Timing of Ideas

Published on Twitter, August 21, 2014

A thing I believe that few believe: Almost all Silicon Valley startup ideas from qualified founders = great ideas. But some are too early.

Track startups over multiple decades, what you find is that most ideas do end up working. It's much more a question of "when" not "if".

This is interesting for several reasons:

  • First, it means that criticism of the form "that will never happen" is usually misguided & wrong.

  • Second, it means that a much bigger risk for founders is "too early", vs "wrong" or "too late". Often doesn't match feedback from others. To quote Peter Thiel:

    It is often better to be the last company to market (hit timing right & take down the entire market) vs the first.

  • Third, when you have the timing right, you almost always feel like you're too late. Terrified you've missed the window = great sign. When idea X has been in the air, with repeated attempts to build X, yet most customers are not yet doing/using X, it's never too late.

  • Fourth, founders by definition live in the future, see a world that doesn't yet exist & try to make it so. Nailing timing = hardest thing. Which is often why more pragmatic founders end up building the big & important companies -- the idealists were just too early.

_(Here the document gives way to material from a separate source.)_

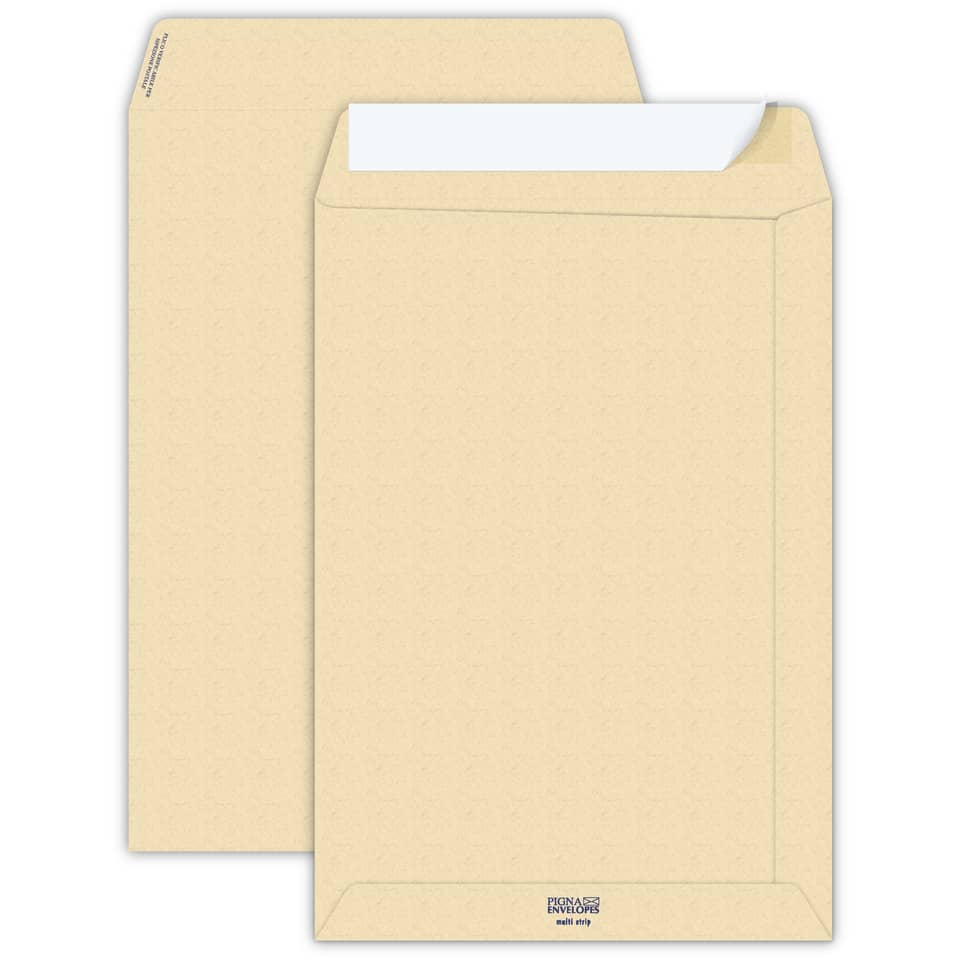 Buste a sacco avana con lembo di chiusura autoadesivo con strip.

  • Fifth, therefore, most of the great ideas for the next two decades are already known. In labs, in failed startups, in big companies prototypes. Those ideas are being dismissed now since the early attempts have't worked. This has the opposite predictive value vs what people think.

Quoting William Gibson:

The future is already here, it's just not evenly distributed

Or it's not yet distributed at all. But it is here.

The key question is: What ideas are widely dismissed today due to having been tried & failed? Answer is the codex to the next 20 years.